Я хотел бы воспользоваться этой возможностью, чтобы еще раз повторить то, что в 70-е годы в буржуазной среде говорили об отношениях между моим отцом и Бебелем: "Либкнехт оттачивает стрелы, Бебель пускает их в цель".
Что касается моей матери, то речь идет о нижеследующем: в одной из своих книг Лилли Браун упоминает о встрече с ней и вкладывает ей в уста одно замечание о возможном участии Браун в балах дармштадтского двора, причем замечание изложено в такой форме, что совершенно искажает образ моей матери. Достаточно будет указать на рассказанное Юлией Фогельштайн о Лилли Браун в связи с баллотировкой ее мужа, чтобы понять, что в искажении образа целиком повинно зеркало. Мне бы не хотелось больше тратить слова для защиты моей матери – для этого я ценю ее слишком высоко.
Заметки для книги:
1. Во время так называемых "спартаковских дней" была захвачена и имперская типография. Комендантом был служащий одного крупного предприятия в Вильдау, под Берлином (кажется, инженер). Вместе с некоторыми из тех, кто участвовал в захвате, он был арестован. Мне была поручена защита, но вскоре я был отстранен от дела. Как закончился процесс, я не знаю.

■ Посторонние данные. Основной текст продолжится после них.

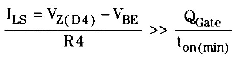 電容C4和二極管D3對驅(qū)動(dòng)電路的功能至關(guān)重要。通過選擇電阻R5來將12V柵極驅(qū)動(dòng)電平設(shè)置在整流器輸出電壓以下。二極管D3將電容C4限定在這一電平。特別是,當(dāng)U1的開關(guān)引腳輸出一個(gè)低信號來開啟功率FET時(shí),信號被電平位移到Q3的基極。晶體管Q3開啟,并快速地將Q4的柵—源電容CGS充電至 12V。如果沒有C4和D3的話,關(guān)閉Q4會(huì)讓Q3成為一種漏極接地的昂貴的高壓雙極型晶體管。當(dāng)U1的開關(guān)引腳輸出一個(gè)高信號來關(guān)閉功率FET時(shí),該信號被電平位移至Q2的基極。Q2開啟,有效地將Q4的柵極與輸入電壓連接。在沒有起到本地電源作用的電容C4的情況下,晶體管Q2和Q3無法提供快速(且因此而高效地)上拉或下拉Q4柵極電容所必需的快速電流峰值,注意到這一點(diǎn)很重要。另外,由R4設(shè)定的電平位移器電流ILS必須足夠高,以在ton(min) 期間移動(dòng)Q4的柵極電荷QGate。也就是說:

Спустя какое-то время мне и коллеге Карлу Розенфельду было поручено представлять интересы г-жи Кольдиц в имперском военном суде. Когда я просматривал дела, мне попалась на глаза фамилия этого коменданта и напротив нее рукописная помета государственного обвинителя в Берлинском земельном суде первой инстанции Хайнера. Речь шла о том, что этот "комендант" был тогда "доверенным человеком", уполномоченным имперского правительства в имперской типографии.

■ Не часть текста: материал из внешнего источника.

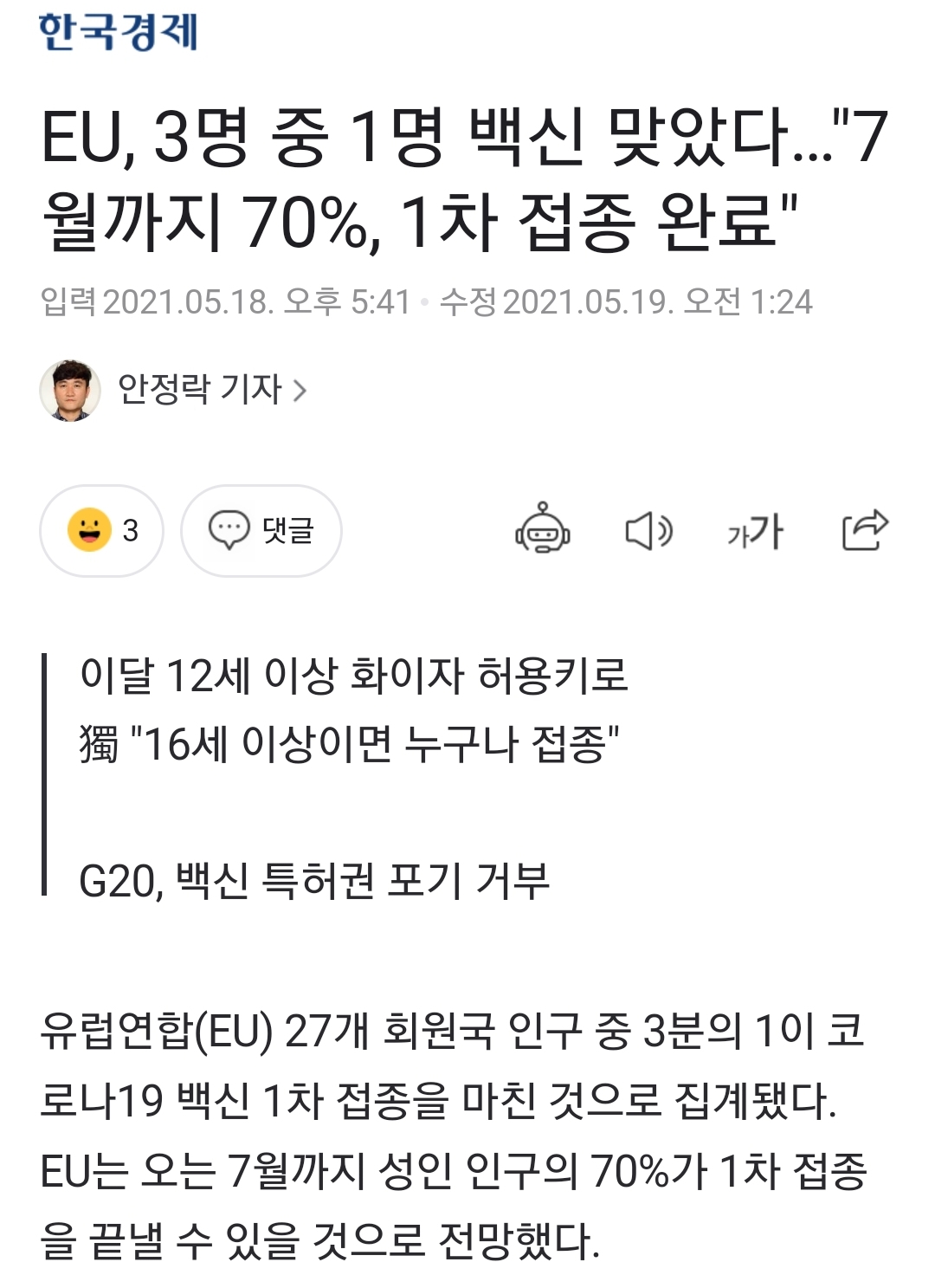 코로나19백신, 미국인구 1/3은 2차 접종완료, EU인구 1/3은 1차 접종완료. 본문

Во время первых дней процесса Ледебура предположительно при попытке к бегству конвоем был застрелен матросский лидер лейтенант Доренбах; его схватили вне Берлина и перевозили в автомобиле. Никакого наказания, по крайней мере для главных виновников, не последовало. Через несколько лет советник юстиции Грюншпрах (тот самый, который в свое время вел защиту на процессе Фогеля и товарищей и который тогда вообще был в некотором смысле юридическим консультантом людей из Эден-отеля) доверительно рассказал мне при условии сохранения полной тайны, что какое-то время назад к нему пришла вдова одного из тех конвоиров, которые участвовали в расстреле, и принесла врученную ее мужу военными властями справку, где говорилось, что ее мужу за устранение Доренбаха было обещано вознаграждение и освобождение от судебного преследования в случае успеха. Грюншпрах умер уже несколько лет назад, и я считаю себя свободным от данного ему обещания хранить тайну.
2. Далее еще одно замечание, о котором мне стало известно со слов советника юстиции Вертхауэра. Он рассказывал мне вскоре после того, как ему была поручена защита Марлоха, убийцы 32-х матросов, что истинные причины этого убийства куда ужаснее, чем кто бы то ни было мог себе представить. За убийством стояли многие выскопоставленные лица – даже в дурном сне такое не могло привидеться. Больше он ничего не сказал, а вскоре, насколько я понимаю, вообще отказался от защиты. Приказ был отдан Рейнхардтом, которого, дескать, неправильно поняли. Однако в своей книге Рейнхардт отваживается представить их расстрел как юридически оправданный.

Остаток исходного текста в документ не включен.